Podróżowanie z dzieckiem | moje doświadczenia i porady

Podczas każdej z moich podróży dostaję od Was masę pytań i próśb o rady dotyczące wyjazdów z dziećmi. Właśnie siedzę w samolocie, młoda siedzi obok na swoim własnym miejscu (po raz pierwszy po skończeniu 2 lat) i przykryta otulaczem ogląda na iPadzie Kubusia Puchatka (ale widzę, że za 5 minut odleci… śpiulkolotem!). Mam więc chwilę, by spisać na gorąco moje tipy! 

Pakowanie

Nie będę Wam pisać o tym, żebyście ograniczyły się do najpotrzebniejszych rzeczy. Nie lubię, gdy doświadczone matki komentują ilość tobołów tych świeżo upieczonych. Co najmniej, jakby te pierwsze już od początku wojowały świat same z niemowlakiem i jedną paczką chusteczek pod pachą. Moja rada jest jedna: weź wszystko to, co pozwoli Ci czuć się komfortowo. ALE! jak najmniej rzeczy miej przy sobie podczas samej podróży. Przed samym wyjazdem spytaj w hotelu, na jakie udogodnienia możesz liczyć (łóżeczko, podgrzewacz, przewijak czy nocnik – coraz częściej to wszystko możecie wypożyczyć bez dodatkowych kosztów).

Kolejna rzecz – to w zależności od długości pobytu, zastanów się, czy warto brać ze sobą w ilości hurtowej takie rzeczy jak pieluchy czy mokre chusteczki.

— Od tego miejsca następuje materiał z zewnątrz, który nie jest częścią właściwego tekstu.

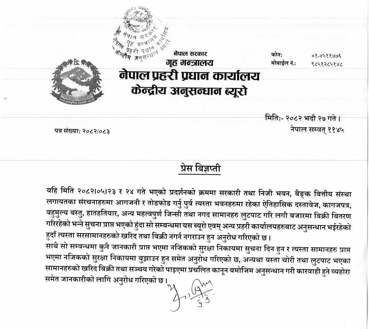 ब्यूरोले शुक्रबार एक प्रेस विज्ञप्ति जारी गर्दै प्रदर्शनका क्रममा सरकारी तथा निजी भवन, बैंक तथा वित्तीय संस्थाहरूमा आगजनी र तोडफोड गर्नुअघि त्यहाँबाट ऐतिहासिक दस्तावेज, बहुमूल्य वस्तु, नगद, र अन्य महत्त्वपूर्ण जिन्सी सामान लुटपाट भएको सूचना प्राप्त भएको जनाएको छ।

Te czasy, kiedy w Polsce było O WIELE taniej niż w krajach euro minęły. Jeśli lecę na tydzień, to biorę je ze sobą, ale jeżeli lecę na na przykład miesiąc (jak byliśmy w Paryżu) czy nawet dwa miesiące (Fuerta) to biorę tylko kilka sztuk na pierwsze dwa dni. To samo tyczy się mydełek, szamponów itp. Oczywiście, jeśli Wasze dzieciaki z różnych względów nie tolerują innych niż te, które kupujecie w swojej okolicy, to wiadomo – bierzemy z domu! Odpuszczam już wożenie specjalnych ręczników dla dzieci, za to niezmiennie mam ze sobą bambusowe otulacze (niezależnie od pory roku).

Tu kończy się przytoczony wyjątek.